Search code examples
pythonpandasmachine-learningstatisticsdbscan

How to get the second derivative/dip from the graph or generate the best eps value


Dataset is below

 ,id,revenue ,profit
0,101,779183,281257
1,101,144829,838451
2,101,766465,757565
3,101,353297,261071
4,101,1615461,275760
5,101,246731,949229
6,101,951518,301016
7,101,444669,430583

Code is below

import pandas as pd;
from sklearn.cluster import DBSCAN
import matplotlib.pyplot as plt
import numpy as np
from sklearn.preprocessing import StandardScaler
import seaborn as sns
from sklearn.neighbors import NearestNeighbors
df = pd.read_csv('1.csv',index_col=None)
df1 = StandardScaler().fit_transform(df)
dbsc = DBSCAN(eps = 2.5, min_samples = 20).fit(df1)
labels = dbsc.labels_

My shape of df is 1999

I got the dip value eps value from the below method, from graph its clear that eps=2.5

enter image description here

Below is the method to find the best eps value

ns = 5
nbrs = NearestNeighbors(n_neighbors=ns).fit(df3)
distances, indices = nbrs.kneighbors(df3)
distanceDec = sorted(distances[:,ns-1], reverse=True)
plt.plot(indices[:,0], distanceDec)
#plt.plot(list(range(1,2000)), distanceDec)
  • How to find the dip in the graph automatically by the system mean best eps is expected out? without looking in to graph, my system has to tell best eps

Solution

  • If I understand correctly, you are looking for the precise y value of the inflection point appearing in your ε(x) plot (it should be around 2.0), right?

    If this is correct, being ε(x) your curve, the problem is reduced to:

    1. Compute the second derivative of your curve: ε''(x).
    2. Find the zero (or zeroes) of such second derivative: x0.
    3. Recover the optimized ε value, just by plugging the zero into your curve: ε(x0).

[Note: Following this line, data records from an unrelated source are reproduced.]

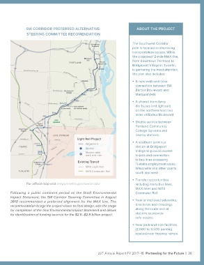 What will a 12-mile SW Corridor light That’s a question engineers, plan- “It is forecasted to have significant STEERING COMMITTEE RECOMENDATION
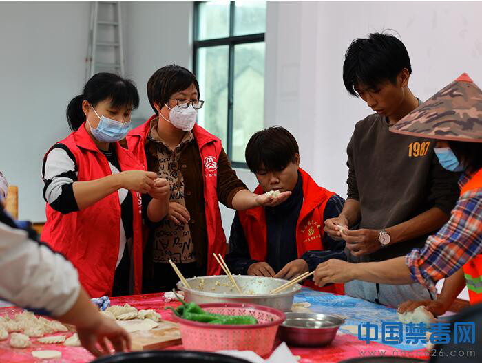 图为工作人员为涉毒人员包饺子。中国禁毒网发
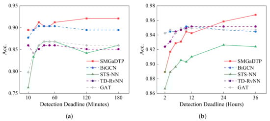 Therefore, SMGaDTP and all well-performing baseline models were subjected to early rumor detection capability testing. Specifically, early rumor detection testing requires setting a series of truncation times where only tweets published before the truncation time are used to test the detection capabilities of all models. In order to demonstrate the early detection capabilities of all models comprehensively, the truncation time on the Twitter dataset was set to {10 min, 20 min, 30 min, 40 min, 50 min, 1 h, 2 h, 3 h}, and the truncation time on the Weibo dataset was set to {2 h, 4 h, 6 h, 8 h, 10 h, 12 h, 24 h, 36 h}.
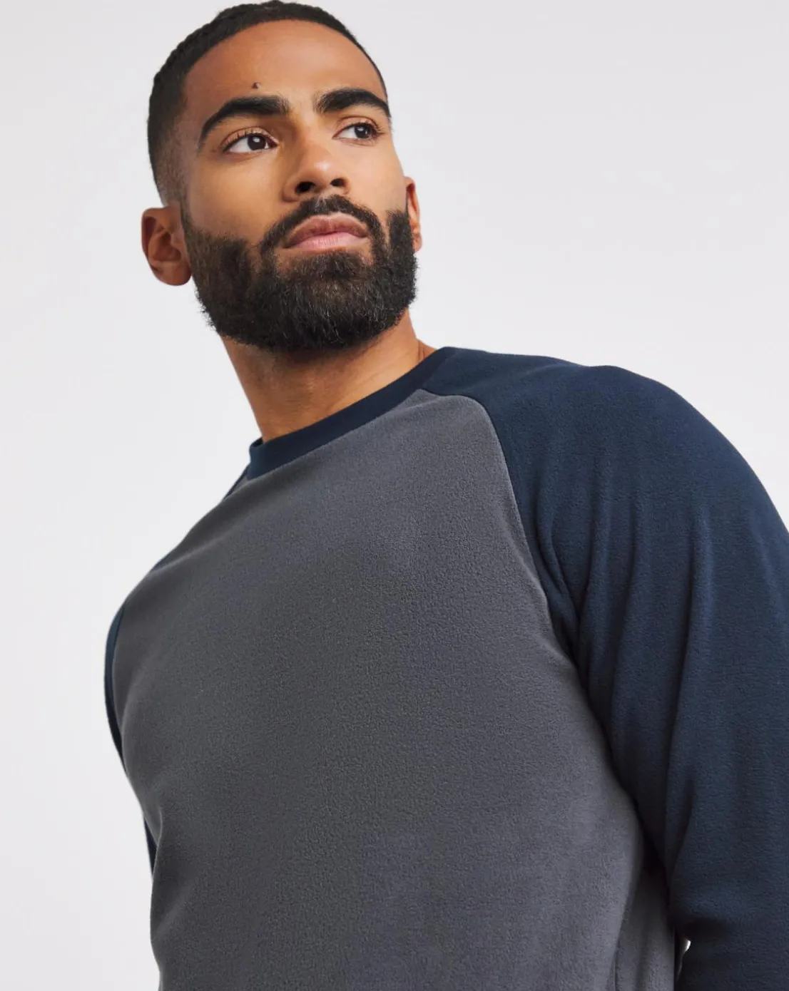 The Jacamo Raglan Micro Fleece PJ Set in Navy /Grey mix.
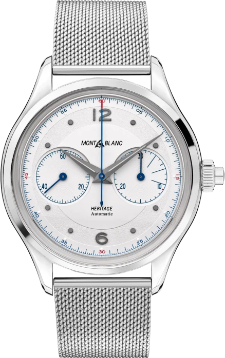 Lấy cảm hứng từ những chiếc đồng hồ đeo tay cổ điển Minerva lịch sử từ những năm 1940 và 1950, dòng sản phẩm Heritage kết hợp sự sang trọng của quá khứ chế tạo đồng hồ với các quy tắc và công nghệ thiết kế táo bạo ngày nay. Montblanc Heritage Monopizer Chronograph có thiết kế đồng hồ bấm giờ mới nhất trong dòng sản phẩm Montblanc với mặt số hình vòm màu trắng bạc với hai lớp hoàn thiện khác nhau, mang lại cho chiếc đồng hồ vẻ đẹp thanh lịch và tinh tế. Nhìn kỹ hơn vào bộ đếm phút ở vị trí 3 giờ, bạn sẽ thấy chỉ báo 3, 6 và 9 phút—một nét cổ điển từ thời chúng ta còn sử dụng điện thoại chạy bằng tiền xu và cần theo dõi thời lượng cũng như chi phí của một cuộc gọi. Chiếc đồng hồ 42 mm này có vỏ bằng thép không gỉ được đánh bóng hoàn toàn với các sừng cong, hộp bằng kính sapphire hình vòm và dòng chữ Minerva Manufacturing dập nổi trên vỏ sau. Chiếc đồng hồ được hoàn thiện với dây đeo bằng thép của Milanese.
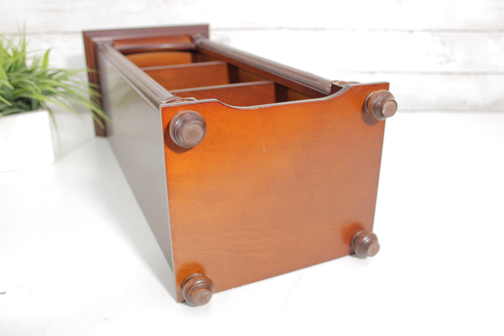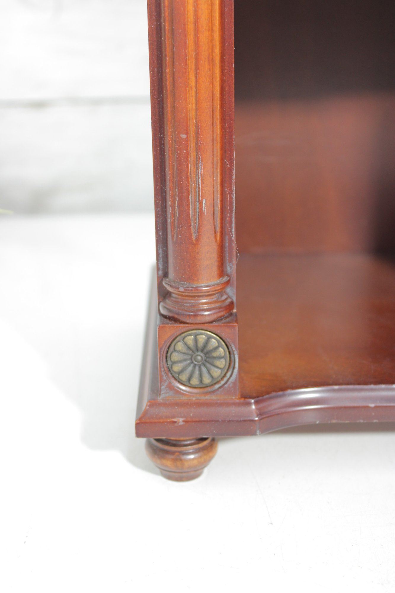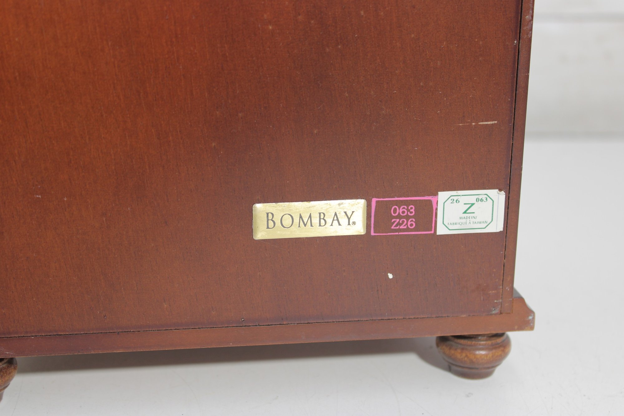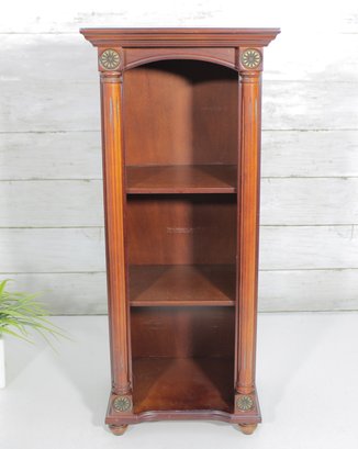 Add classic elegance to your space with this Bombay Company wooden display shelf cabinet. Standing approximately 21 inches tall, this beautifully crafted piece features a traditional design with decorative columns, carved accents, and a rich wood finish.
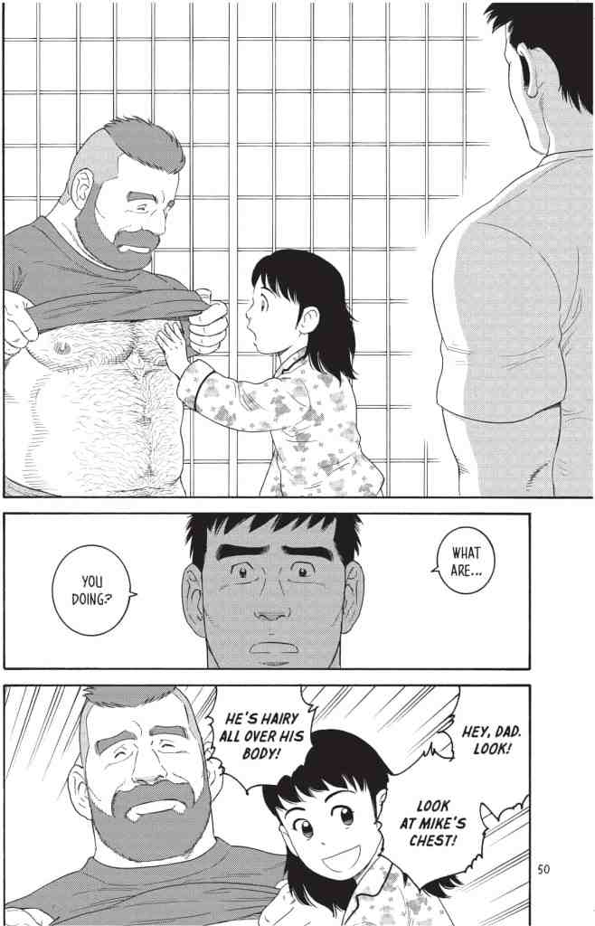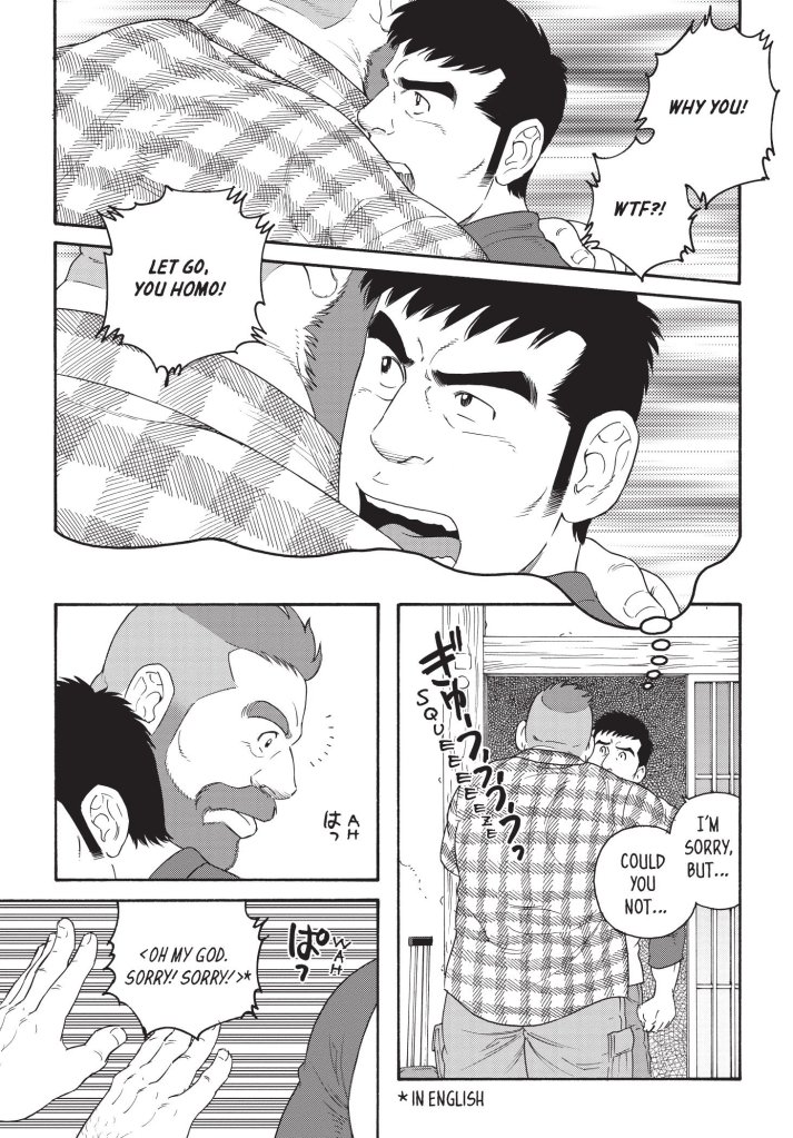 Og så er han selv homoseksuel, hvad der er tydeligt i hans tegninger af mænd og kvinder. Kvinderne er lidt kedelige, men de mandlige hovedpersoner Mike og Yaichi er et par flotte muskuløse fyre, der går rigtig meget i bad.

    Here I attach my answer, based in this two other Stack Overflow answers: https://stackoverflow.com/a/26042315/10489040 (Compute derivative of an array) https://stackoverflow.com/a/3843124/10489040 (Find zero in array)

    import numpy as np
    import matplotlib.pyplot as plt
    
    # Generating x data range from -1 to 4 with a step of 0.01
    x = np.arange(-1, 4, 0.01)
    
    # Simulating y data with an inflection point as y(x) = x³ - 5x² + 2x
    y = x**3 - 5*x**2 + 2*x
    
    # Plotting your curve
    plt.plot(x, y, label="y(x)")
    
    # Computing y 1st derivative of your curve with a step of 0.01 and plotting it
    y_1prime = np.gradient(y, 0.01)
    plt.plot(x, y_1prime, label="y'(x)")
    
    # Computing y 2nd derivative of your curve with a step of 0.01 and plotting it
    y_2prime = np.gradient(y_1prime, 0.01)
    plt.plot(x, y_2prime, label="y''(x)")
    
    # Finding the index of the zero (or zeroes) of your curve
    x_zero_index = np.where(np.diff(np.sign(y_2prime)))[0]
    
    # Finding the x value of the zero of your curve
    x_zero_value = x[x_zero_index][0]
    
    # Finding the y value corresponding to the x value of the zero
    y_zero_value = y[x_zero_index][0]
    
    # Reporting
    print(f'The inflection point of your curve is {y_zero_value:.3f}.')
    

    enter image description here

    In any case, keep in mind that the inflection point (around 2.0) does not match with the "dip" point appearing around 2.5.